*Problem to solve:* In the records below, find the line with "В деревне Решетникова", then copy each line exactly until you have copied the line with "1 cup black". Leave any picture out.

***** Records supplied

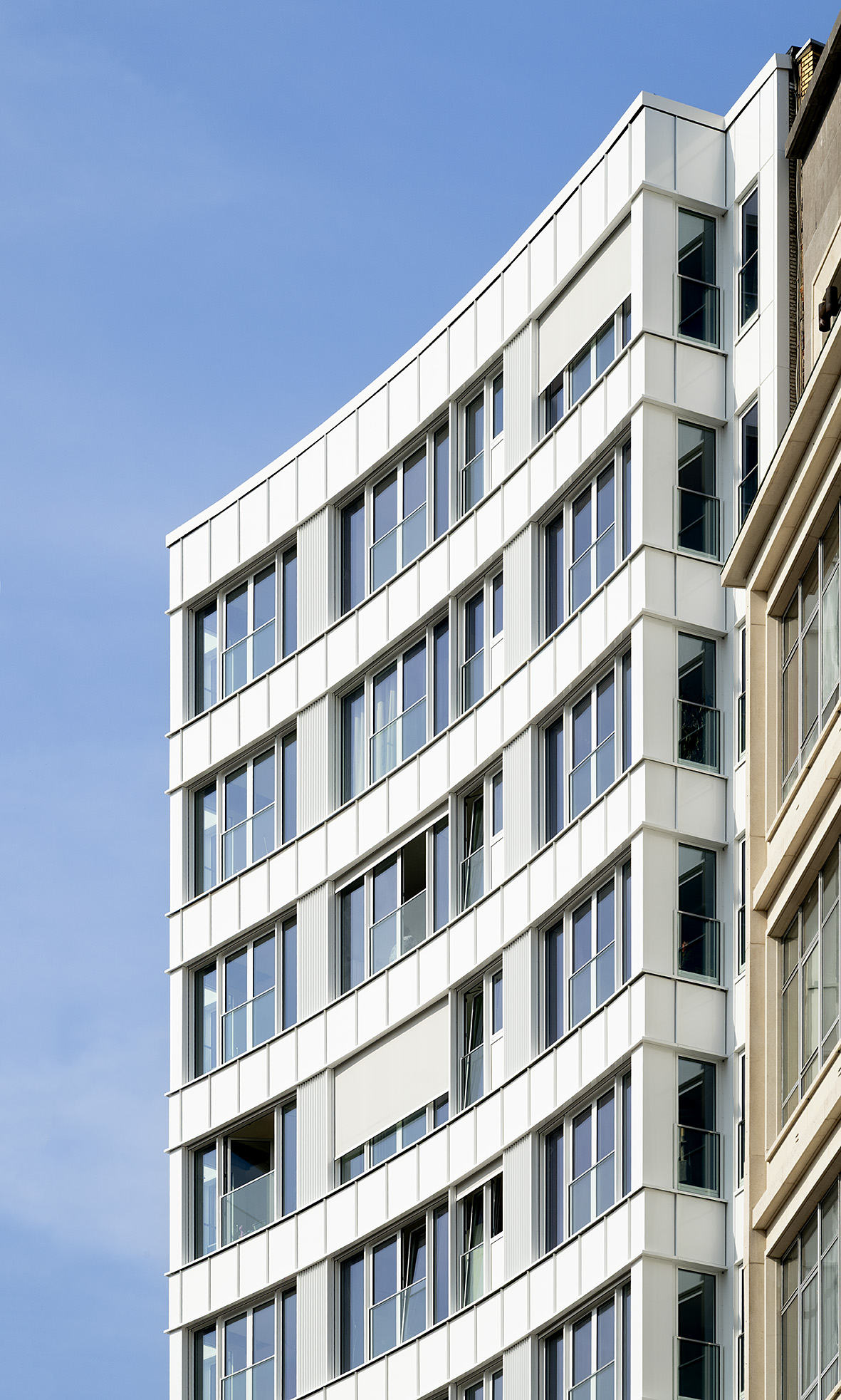La teinte blanche unifie l’ensemble et apporte une image plus claire, actuelle et durable, renforçant la présence du bâtiment dans le paysage urbain.
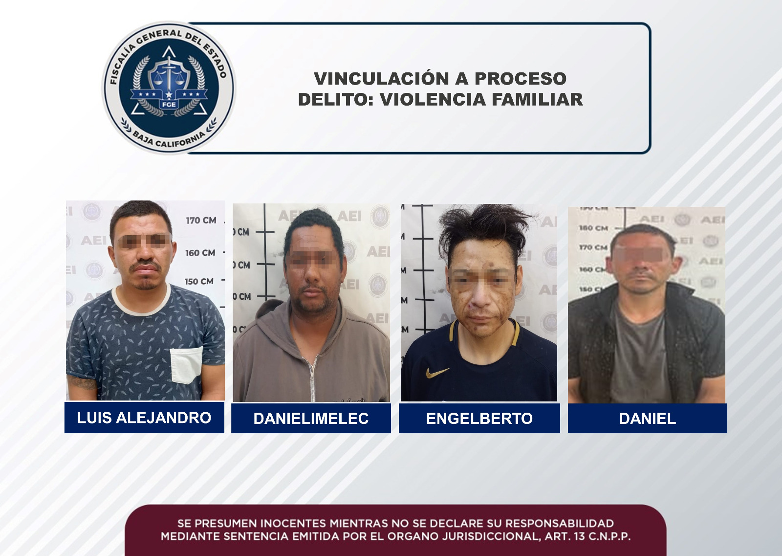 MEXICALI, B.C. Cuatros acusados del delito de violencia familiar fueron vinculados a proceso, con base a los elementes de prueba presentados por la Fiscalía Regional de Mexicali, a través de la Unidad de Investigación Foránea de Guadalupe Victoria y las Unidades de Investigación con Detenidos Poniente y Detenidos Oriente.
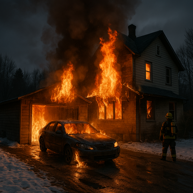 В деревне Решетникова Тюменского округа в полночь вспыхнул автомобиль «Ниссан». Огонь быстро распространился, повредив гараж и двухэтажный жилой дом. Общая площадь возгорания составила 58 квадратных метров.
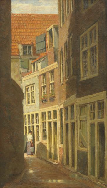 Gerard Johan Staller | Amsterdams straatje, olieverf op paneel, 47,0 x 32,8 cm, gesigneerd r.o.
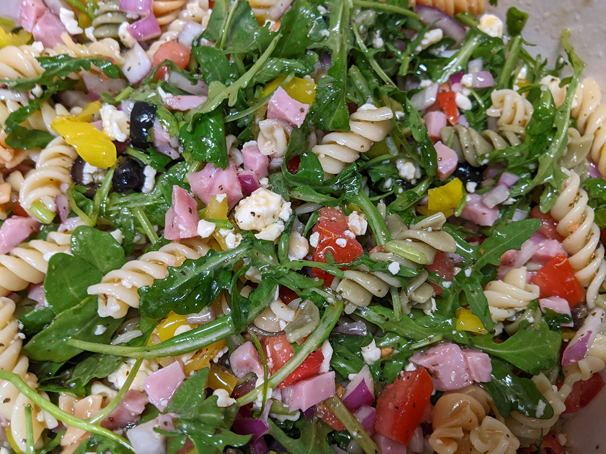 1 cup black olives, chopped 1 cup fresh arugula 1 cup pepperoncini, chopped 1/2 red onion, chopped 1 cup cilantro, chopped |
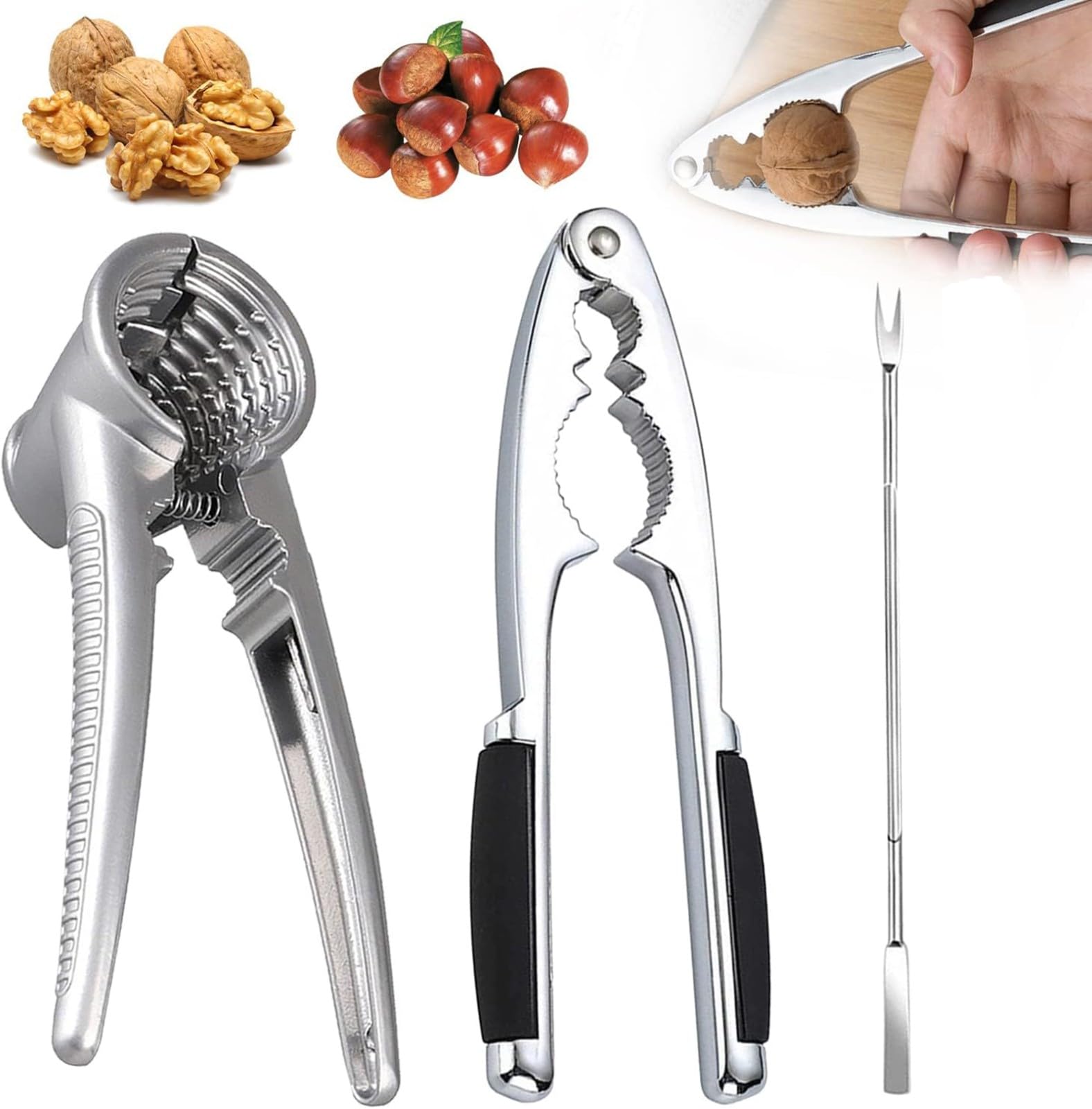 Casse Noix Sans Effort DBAILY Casse Noix Métallique Pour Noix, 2pcs Casse-Noisette Casses Noix Avec Poignée Anti Glissante Pour Noix Et Fruits De Mer Casse- Noisette Lourd Écrou Noix De Pécan Noyer Outil Il peut souvent ouvrir rapidement la coque dure des noix, ce qui vous fait gagner du temps lors du décorticage. Casse-noix manuel en acier inoxydable, outils de c... – Grandado Maintenez la noix en place et appliquez une pression uniforme sur la poignée. La coque se cassera facilement, laissant l'amande intacte.[Taille Ajustable]Ce casse-noix est ajustable pour s'adapter aux noix de différentes tailles et peut casser celles jusqu'à 45 mm de diamètre Haute dureté, fabrication exquise, plus de résistance à la corrosion, pas facile à rouiller, il ne se cassera pas ou ne se déformera pas lors d'une utilisation quotidienne. Il convient également aux fruits de mer, au homard, aux moules, aux huîtres et aux coquilles de crabe. Brou De Noix Casse-Noix Multifonction Métal - Levier Anti-dérapant Durable et Pratique : Conception des casse-noix est très flexible et peut être dépliée à un grand angle à volonté, ce qui rend le nettoyage très simple. Les bords sont si lisses que votre paume ne sera pas blessée même sous une forte pression. Il est également très pratique à transporter en voyage ou en camping. Vous pouvez le trouver immédiatement lorsqu'il est placé avec d'autres ustensiles de cuisine, pratique et pas facile à perdre. Lorsque les casse-noix multifonctionnels sont combinés, il y a des espaces à l'avant et aux extrémités afin qu'ils ne se heurtent pas et que le risque de pincement soit minimisé. Structure Robuste : Casse-noix avec 2 évidements différents et effet levier pour plier des écrous de différentes tailles sans trop d'effort. Conception Ergonomique : Cette poignée Casse-Noisette en Métal adopte une conception antidérapante qui peut empêcher de glisser pendant l'utilisation et assurer une prise ferme. Le casse-noix a une taille appropriée et peut être placé dans un tiroir à la maison ou accroché dans la cuisine.
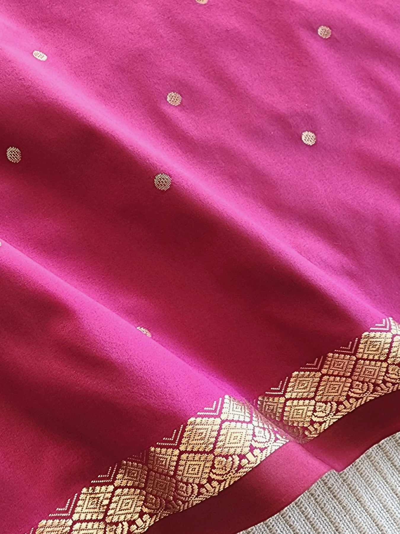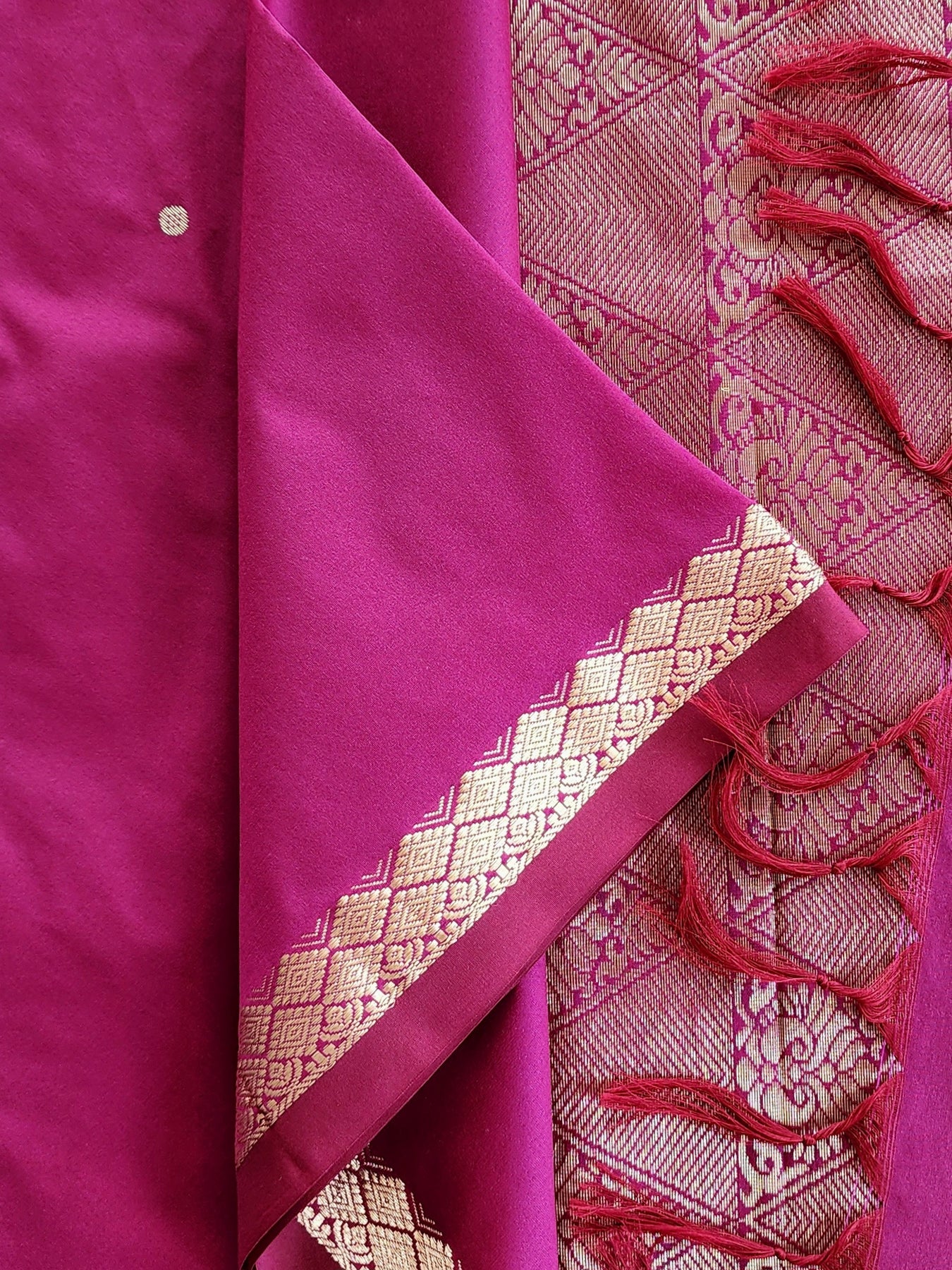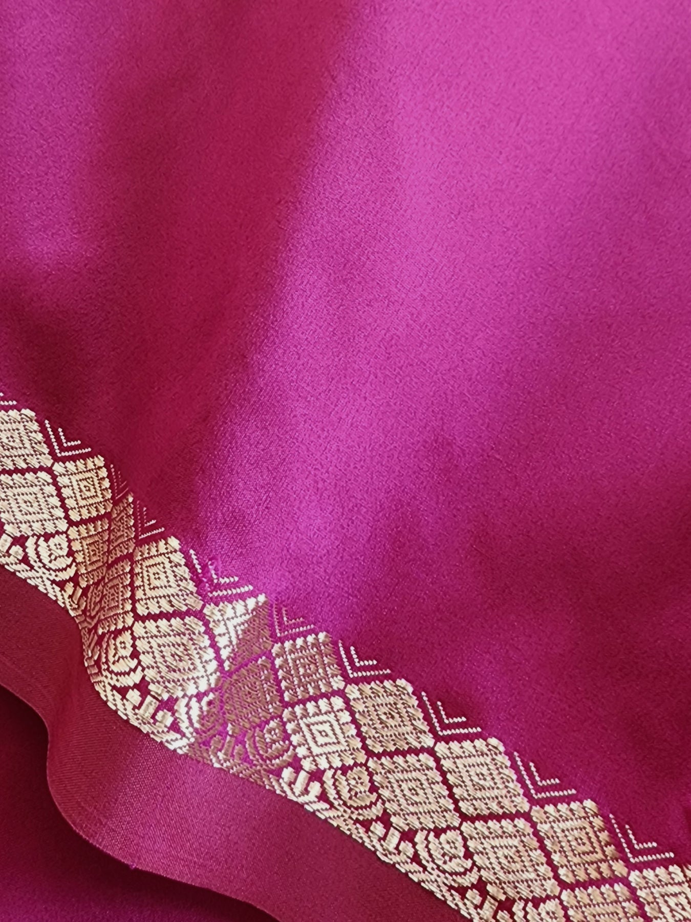 An elegant Magenta Semi Silk Saree with Gold Borders
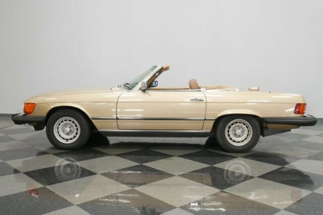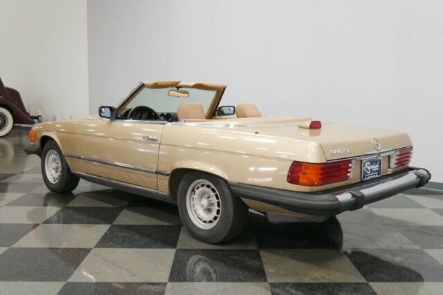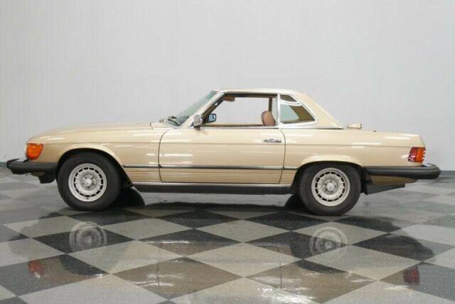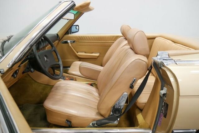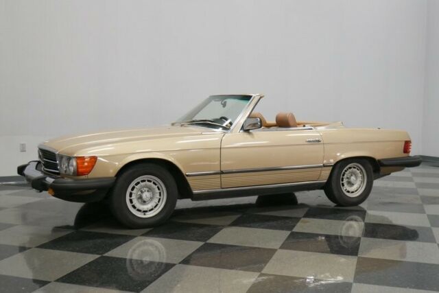 For those of you just joining the old car hobby, you can scarcely do better than an R107 Mercedes-Benz SL of any kind. Handsome, durable, fun to drive, and with great parts availability, they are easy cars to own. Even better, most folks still think they cost a fortune, so showing up in one of these makes you look like an A-lister. Don't worry, we won't tell anyone how little this elegant 1985 380SL really costs now, but be sure... to remember that it originally listed for $44k plus. Almost everyone in the world can draw one of these from memory, and throughout the '80s, you couldn't go out in the sun without seeing one. Today, however, finding a good one isn't so easy, because they, like most cars of the period, were susceptible to the dreaded tin worm just like everything else. Fortunately, this one has led an easy lifelong Tennessee life with only three owners and shows none of the issues that you see on cars that were used for daily transport. The Colorado Beige paint is original and remains in fine order and the sheetmetal underneath is quite straight, further proof that was always a weekend cruiser that never had to work hard. Fantastic build quality is a big part of these car's appeal and a key to their longevity, and you can feel it just by closing one of the doors. The light beige paint gives it a sleek, subtle finish that ideally suits the 2-seater, a grown-up look that doesn't need to resort to flash to make a statement. You'll also note that the rubber bumpers are in very good shape and not cooked by the sun and the chrome remains shiny to give the Merc a little flash. The tan seats are in good shape thanks to the durable MB-Tex upholstery that wears like iron. The natural wood on the dash adds a luxurious warmth to the interior and remains in fantastic condition with minimal wear and none of the expected signs of age. The seats are firm and comfortable for all-day cruising, and supportive enough for the spirited driving for which this car is intended. By 1985, most of these came loaded with every available convenience feature, including automatic climate control, power windows and locks, cruise control, and even a rear defroster for the removable hardtop. Heck, even the original Becker AM/FM/cassette stereo is still in the dash! It's also worth noting that the convertible top is in excellent shape and the hardtop seals it up as well as a coupe. The 3.8 liter V8 was downsized from the earlier 4.5 liter unit, but gives up only 7 horsepower (215 vs. 222). As a result, the 380 feels more agile thanks to a lighter front end, yet still zips around town with ease and hammers down the interstate at supra-legal speeds. The car has always been properly maintained and serviced from the looks of things, and as a result, this is an SL will last practically forever if you keep that regular care up. The 4-speed automatic transmission shifts properly and the car has that same firm but supple feel in the suspension that makes it feel confident under almost any conditions. Power steering and power four-wheel disc brakes are standard for the SL in this year and very welcomed additions for drivers of any experience level. Familiar Mercedes-Benz "pie crust" alloys are quintessential SL roadster, and carry reliable 205/70/14 Michelin blackwall radials at all four corners. Nicely preserved and always loved by its three Tennessee owners, this is the SL that you can buy without worries. Enjoy one of the smartest buys in the hobby today. Call now!
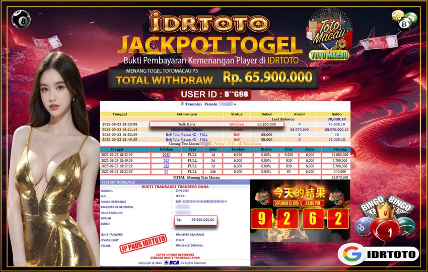 IDRTOTO BAYAR LUNAS JACKPOT PERMAINAN TOGEL TOTO MACAU P3 Rp.65.900.000 – LUNAS
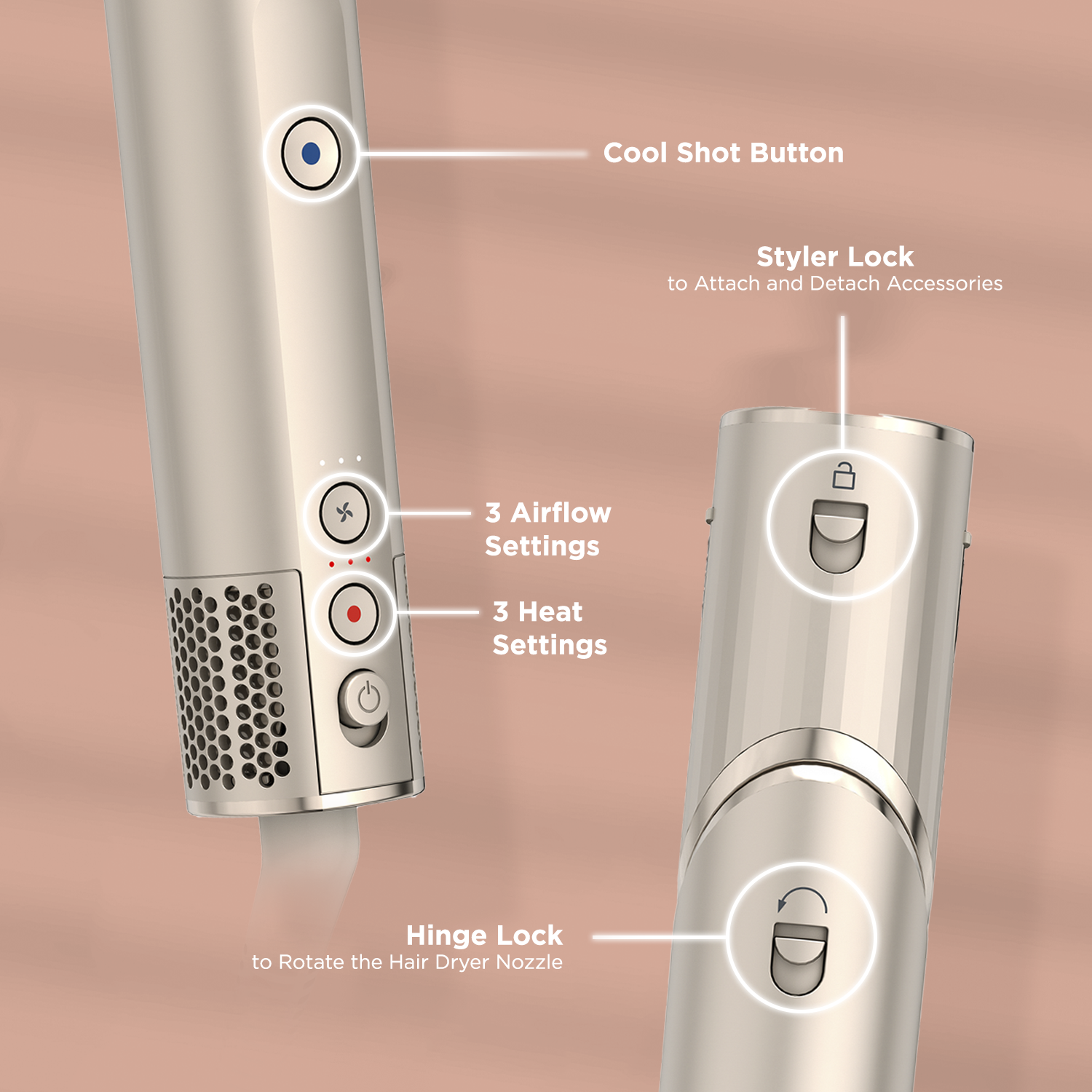 4 Temperature - low, medium, high heat and one cool shot.

**********

*Your solution:*
 В деревне Решетникова Тюменского округа в полночь вспыхнул автомобиль «Ниссан». Огонь быстро распространился, повредив гараж и двухэтажный жилой дом. Общая площадь возгорания составила 58 квадратных метров.
 Gerard Johan Staller | Amsterdams straatje, olieverf op paneel, 47,0 x 32,8 cm, gesigneerd r.o.
 1 cup black olives, chopped 1 cup fresh arugula 1 cup pepperoncini, chopped 1/2 red onion, chopped 1 cup cilantro, chopped |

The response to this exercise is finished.